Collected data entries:
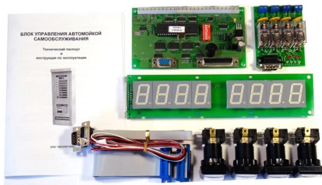
Набор для изготовления двойного торгового автомата до 2x3 программы
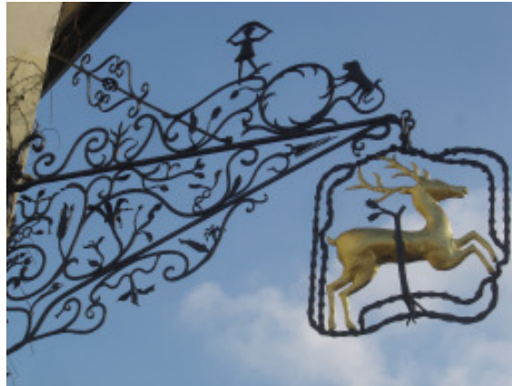
dann ging`s in den Hirschen...
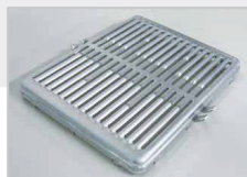
水冷CACコアプレート
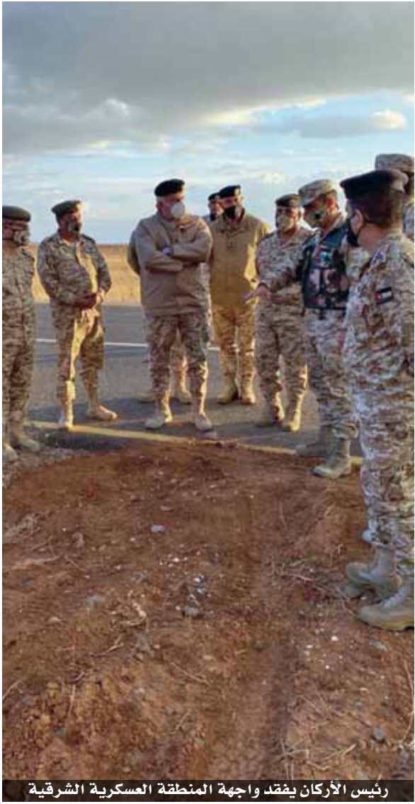
رئيس الأركان يقفد واجهة المنطقة العسكرية الشرقية

تفقد رئيس هيئة الأركان المشتركة اللواء الركن يوسف أحمد الحينيبي، أمس الجمعة، واجهة كتيبة الحسين الآلية (أم الشهداء) إحدى وحدات المنطقة العسكرية الشرقية، وكان في استقباله قائد المنطقة. وأكد اللواء الركن الحينيبي ضرورة بذل أقصى الجهود لحماية الوطن ومقدراته والوقوف صفاً واحداً في وجه كل من تسول له نفسه المساس بأمنه واستقراره. والتقى رئيس هيئة الأركان المشتركة مرتبياً الكتيبة ونقل لهم تحيات جلالة الملك عبدالله الثاني القائد الأعلى للقوات المسلحة، معرباً عن اعتزازه بالمستوى المتميز والكفاءة والاحترافية في تنفيذ الواجبات الموكلة اليهم والمعنويات العالية التي يتمتعون بها. من جانب آخر أحيطت المنطقة العسكرية الشرقية بالتنسيق مع إدارة مكافحة المخدرات، على إحدى وجهاتها، فجر أمس الجمعة، محاولة تسلل وتهريب كمية من المخدرات من الأراضي السورية إلى الأراضي الأردنية.
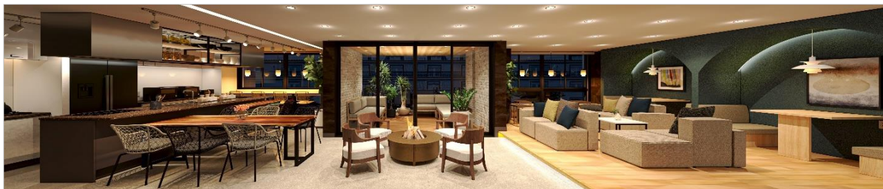
↑キッチン・ダイニング

共用フロアはキッチン・ダイニング・ラウンジ・ライブラリー・暖炉・オープンテラスがあり、過ごし方に合わせた空間をつくることで、入居者同士での料理作りや飲み会、友人との雑談、ひとりでの読書など気分に合わせて居場所を選ぶことができます。また、建物全体で快適に働くことができる環境（働きやすい家具、ドリンク、Wi-Fi）を備え、オンライン会議や集中作業、アイデア創出など、働き方によって空間を使い分けられ、自分らしい自由な働き方を実現できます。
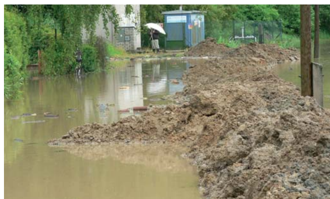
provizorní hráz na cestě ke koupališti (14:52 hod)

Dále bylo po povodni zjištěno, že chybí vypracované povodňové plány povodni ohrožených objektů, které by měl mít vypracován vlastník stavby v návaznosti na vypracovaný povodňový plán městyse. Dále je nezbytné, aby se zabránilo přívalům vody z Bláníků. Toto je potřeba řešit návrhem a zbudováním protipovodňových opatření v rámci probíhajících komplexních pozemkových úprav v Louňovicích p. Bl. V tomto směru budeme jednat s projektantem a zadavatelem komplexních úprav.
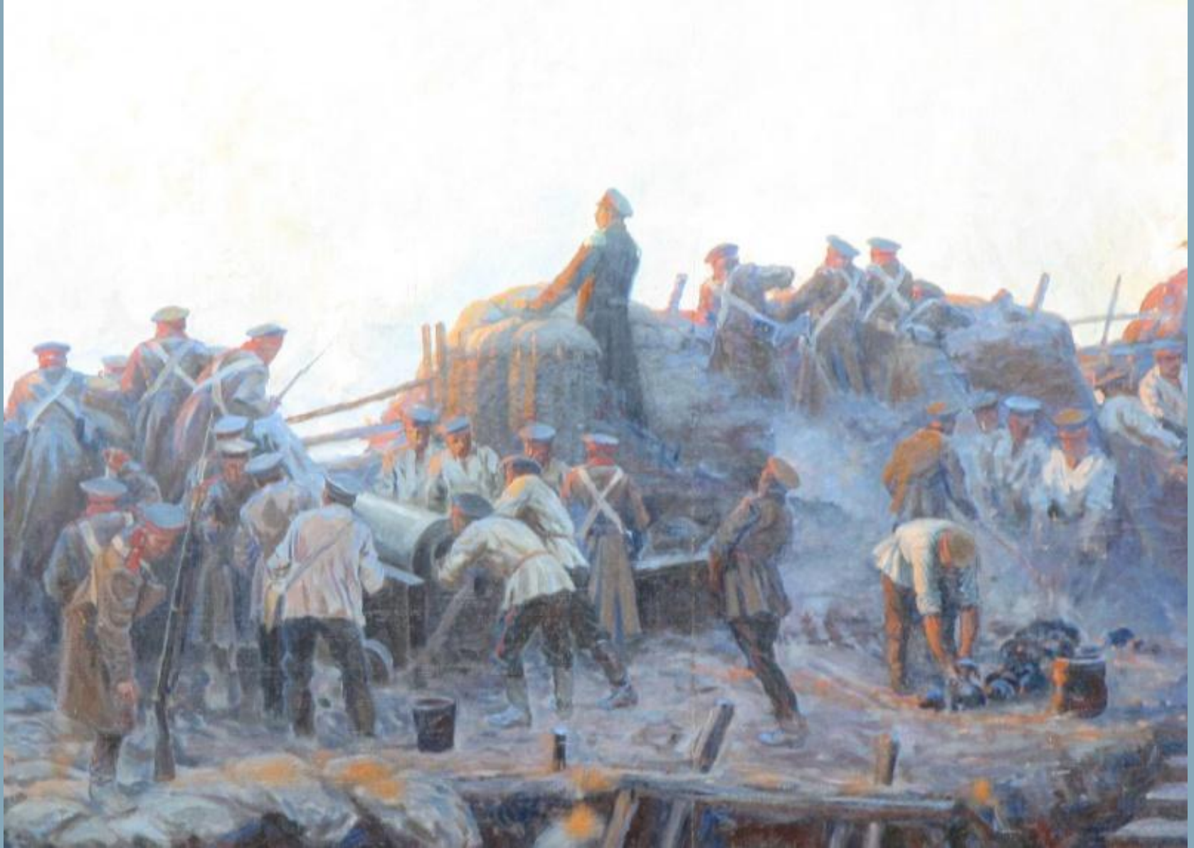
Адмирал Павел Степанович Нахимов на гласисе оборонительной башни Малахова кургана в Севастополе. Фрагмент панорамы «Оборона Севастополя 1854-1855 гг.»
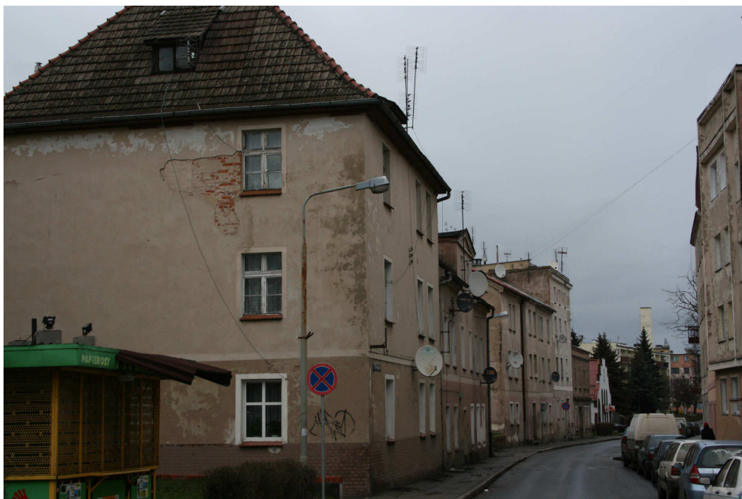
Fot. 4. Ulica Głowackiego w Trzebnicy.

Wzmożony ruch drogowy przyczynił się również do uszkodzeń nawierzchni. Widoczne jest to zwłaszcza na Placu Piłsudskiego (dworzec PKS przed budynkiem Urzędu Miejskiego) co obrazują poniższe fotografie.
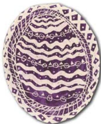
Žana Žabčič, 3. a
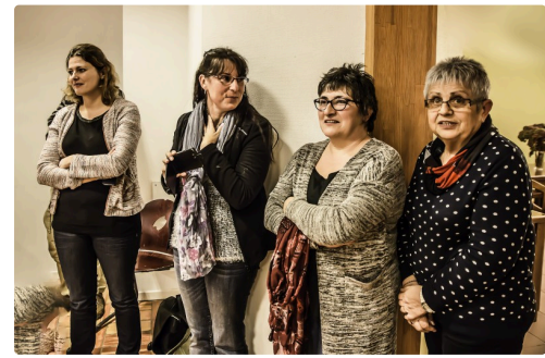
Une partie de l'assistance
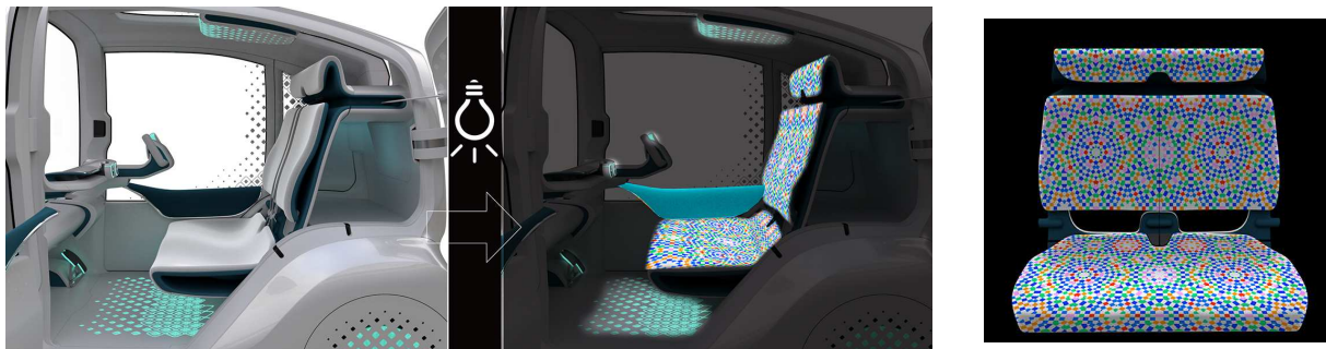
UVライトで柄が浮かび上がる

また、ステージキャストが着用する衣装もアンリアルエイジが担当します。WONDER-CAPSULE CONCEPTを担当するキャストの衣装は、UVライトが当たると柄が浮かび上がります。
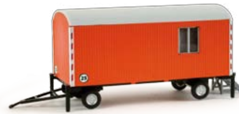
076395 | Bauwagen kommunal / Contractor's shed 12,50 € HO 1/87 Zweiachsiger Bauwagen in kommunaler Farbgebung ohne Ortsbezug. Ideale Ergänzung zum kommunalen Mercedes-Benz Axor Allradkipper 155649. / Two-axle site caravan in municipal design without geographical reference. Ideal addition for the municipal Mercedes-Benz Axor all-wheel dumper 155649.
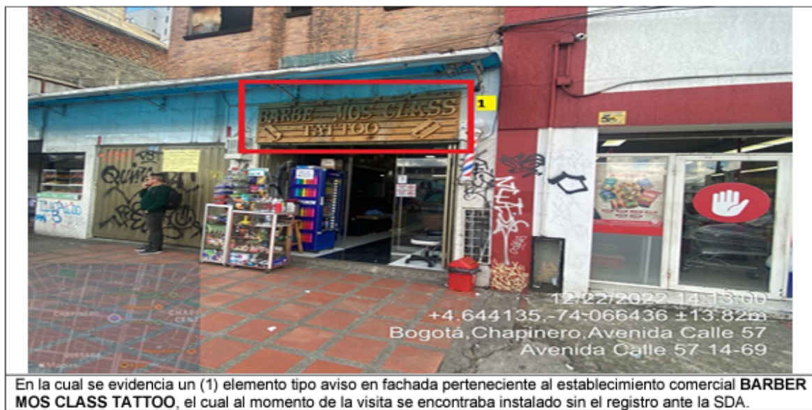
Fotografía No. 2
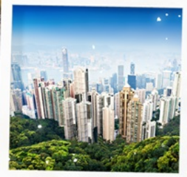
จุดชมวิวกาอิกตอเรีย
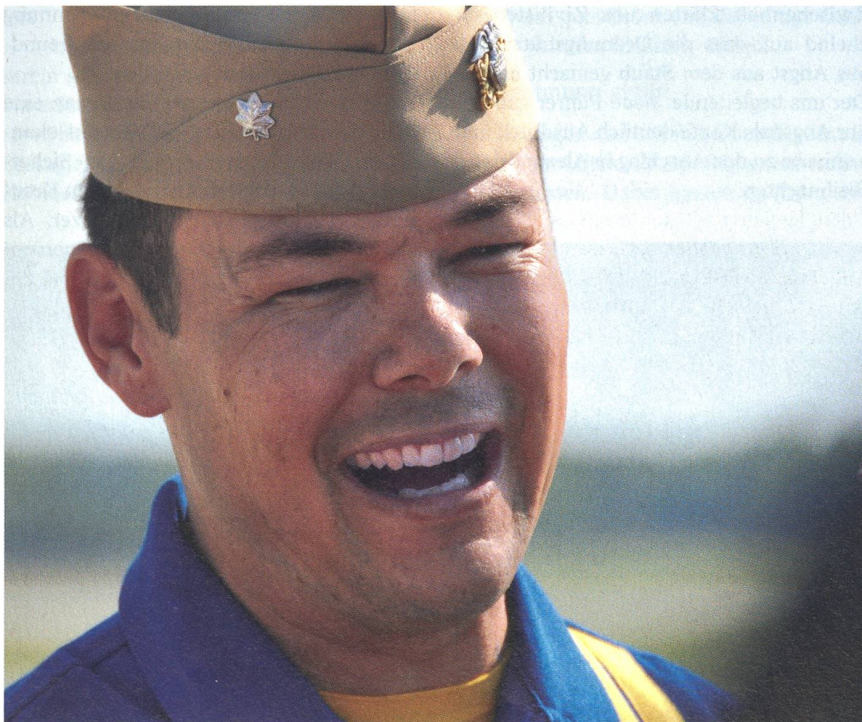
Fregattenkapitän (Commander) Greg McWherter ist Kommandant der Blue Angels. Er fliegt die Position 1. McWherter ist ein erfahrener Flugzeugträgerpilot, der über 5000 Flugstunden aufweist. Commander entspricht dem Oberstleutnant.

Letztere starteten und landeten in einer waghalsigen Einlage eine Piper Cup vom bzw. auf einem Gestell eines über die Piste rasenden Pick-up-Fahrzeuges. Rauch, Detonationen und viel Action gab es schliesslich, als ein Schwarm von Propellermaschinen mit japanischen Markierungen unter der Bezeichnung «Tora, Tora, Tora» den Angriff auf Pearl Harbor vom 7. Dezember 1941 filmreif nachstellte.
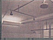
Plynová komora kamuflovaná jako spíչny. V takových zařízeních probíhala na některých psychiatrických klinikách eutanazie slabomyslných, Bernburg

Malchov I. dubna. (la) Orgán SS, das schwarze Korps zahájil novou kampaň za další vybudování zákonodárství o sterilizaci. V sensačním článku zasazuje se tento vlivný list o uzákonění tak zvaného usmrcování z milosti. Nevyléčitelně nemocný nebo jinak úchylný lidé, mají být ve smyslu tohoto nového zákona státním orgánem sprovedeni se světa.
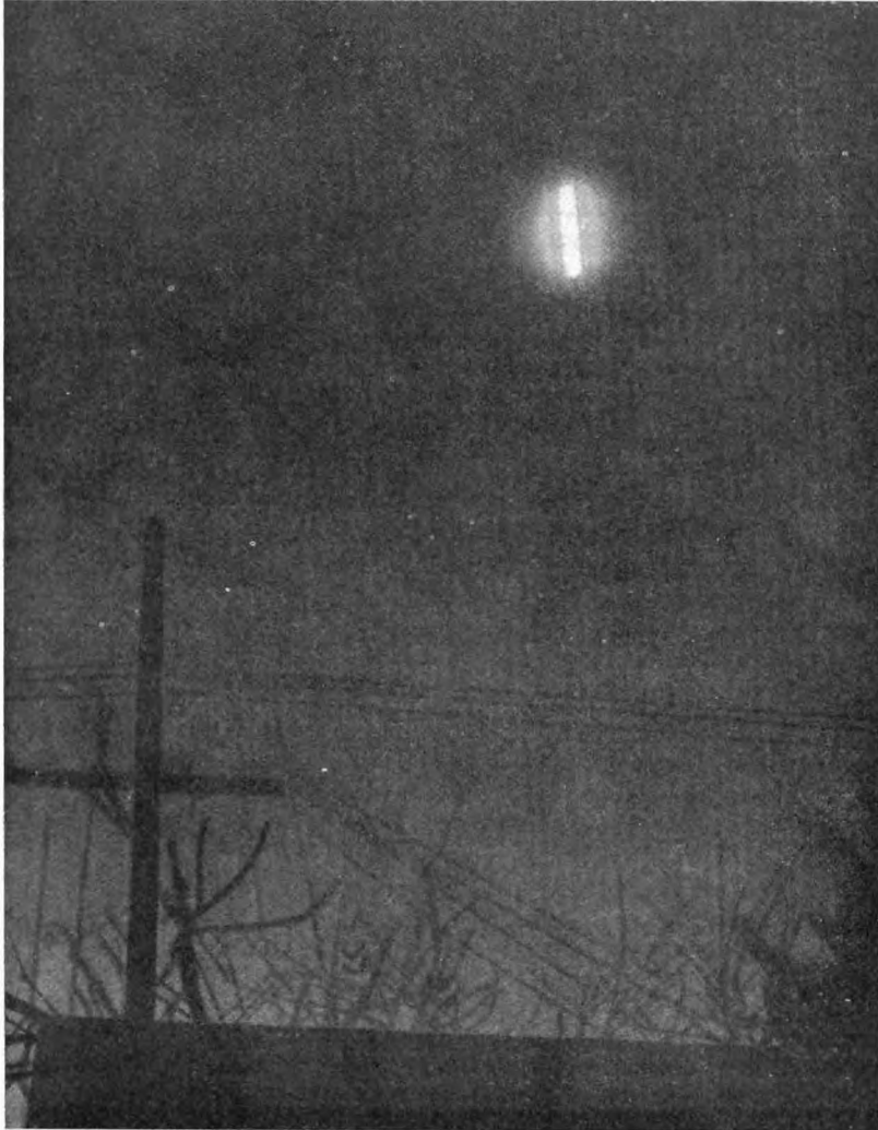
Röhrenförmiges Raumschiff über Los Angeles (s. 3. Umschlagseite)
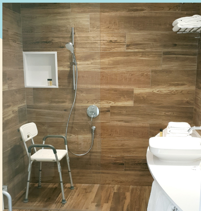
Hotel Can Miquel
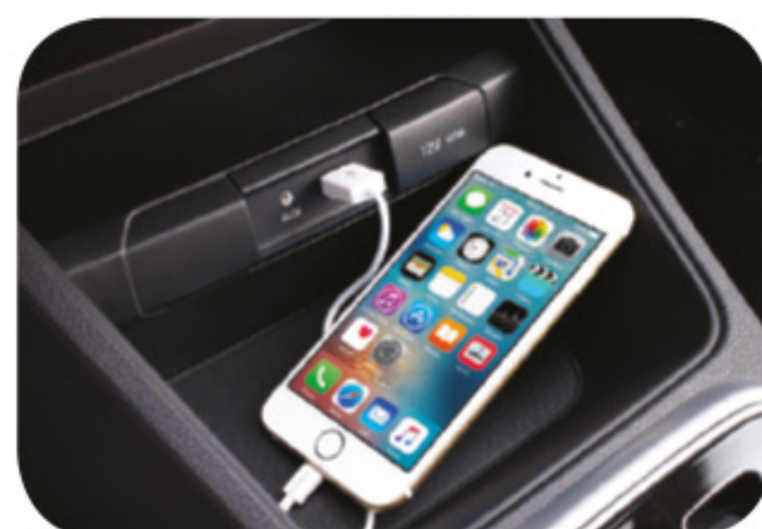
Conexión AUX y USB con bandeja de dos niveles
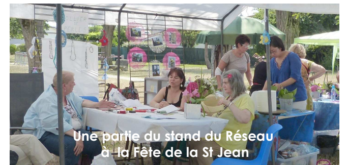
Une partie du stand du Réseau à la Fête de la St Jean
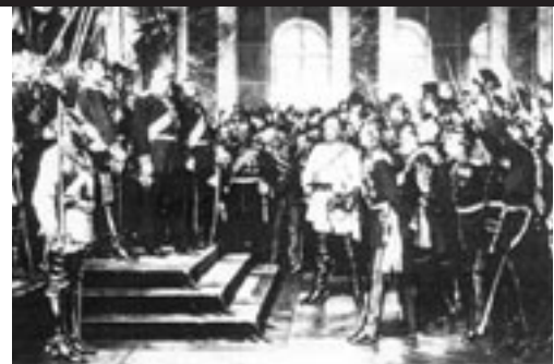
Anton von Werner: Die Proklamierung des Deutschen Kaiserreiches 1871 im Spiegelsaal von Versailles. 3. Fassung 1885.

Warum machte das dritte Bild „Karriere“ und blieb das erste ein Gemälde ohne Nachhall? Die erste Fassung – der historischen Situation offensichtlich näher – zollt
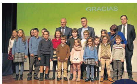
La celebración prosiguió por la tarde con una gala.

El acto concluyó con una suelta de globos a las puertas del Parlamento. No obstante, ayer se sucedieron otras citas para apoyar al colectivo. Destacó la gala conmemorativa que acogió la Sala Gonzalo de Berceo y que contó con la presencia del presidente regional, José Ignacio Ceniceros. Durante el evento se celebró también el 20 aniversario del programa 'Integra en la Escuela'. Asimismo, el centro Áncora desarrolló diversas iniciativas, en las que participó el chef Francis Paniego, y el consejero Escobar acudió por la tarde a la jornada de sensibilización 'Ponte en su lugar', que invitó a los ciudadanos a ocupar por unos momentos la posición de una persona con discapacidad.
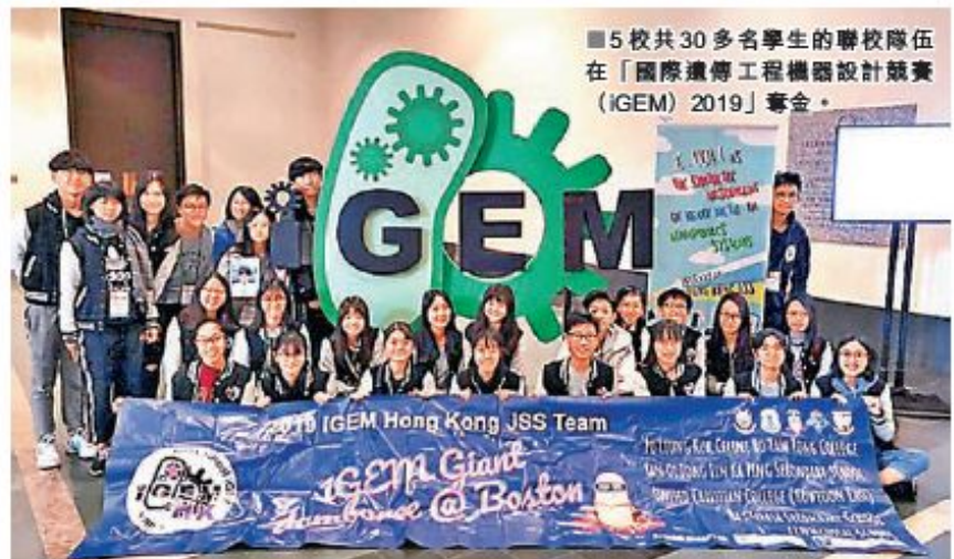
■5校共30多名學生的聯校隊伍在「國際遺傳工程機器設計競賽 (iGEM) 2019」奪金。

香港年輕一代具備驚人的科研潛能，以創意研究項目揚威國際。由本港5所中學學生組成的聯校隊伍「Hong Kong JSS」，透過研究對大腸桿菌進行基因改造，增加其吸收重金屬的能力並首創出低成本的細菌過濾器「B-CAD」，本月成功於全球最大的合成生物學國際比賽「國際遺傳工程機器設計競賽 (iGEM) 2019」奪得金獎殊榮，更是iGEM歷史中首次有香港中學隊伍奪金，為港爭光。

→ **What you should do**: Copy only this from above: the line containing "رئيس الأركان يقفد", the line containing "共用フロアはキッチン・ダイニ", and all lines between, printed exactly. Leave out the pictures.

→ **Solution for this problem**:
رئيس الأركان يقفد واجهة المنطقة العسكرية الشرقية

تفقد رئيس هيئة الأركان المشتركة اللواء الركن يوسف أحمد الحينيبي، أمس الجمعة، واجهة كتيبة الحسين الآلية (أم الشهداء) إحدى وحدات المنطقة العسكرية الشرقية، وكان في استقباله قائد المنطقة. وأكد اللواء الركن الحينيبي ضرورة بذل أقصى الجهود لحماية الوطن ومقدراته والوقوف صفاً واحداً في وجه كل من تسول له نفسه المساس بأمنه واستقراره. والتقى رئيس هيئة الأركان المشتركة مرتبياً الكتيبة ونقل لهم تحيات جلالة الملك عبدالله الثاني القائد الأعلى للقوات المسلحة، معرباً عن اعتزازه بالمستوى المتميز والكفاءة والاحترافية في تنفيذ الواجبات الموكلة اليهم والمعنويات العالية التي يتمتعون بها. من جانب آخر أحيطت المنطقة العسكرية الشرقية بالتنسيق مع إدارة مكافحة المخدرات، على إحدى وجهاتها، فجر أمس الجمعة، محاولة تسلل وتهريب كمية من المخدرات من الأراضي السورية إلى الأراضي الأردنية.
↑キッチン・ダイニング

共用フロアはキッチン・ダイニング・ラウンジ・ライブラリー・暖炉・オープンテラスがあり、過ごし方に合わせた空間をつくることで、入居者同士での料理作りや飲み会、友人との雑談、ひとりでの読書など気分に合わせて居場所を選ぶことができます。また、建物全体で快適に働くことができる環境（働きやすい家具、ドリンク、Wi-Fi）を備え、オンライン会議や集中作業、アイデア創出など、働き方によって空間を使い分けられ、自分らしい自由な働き方を実現できます。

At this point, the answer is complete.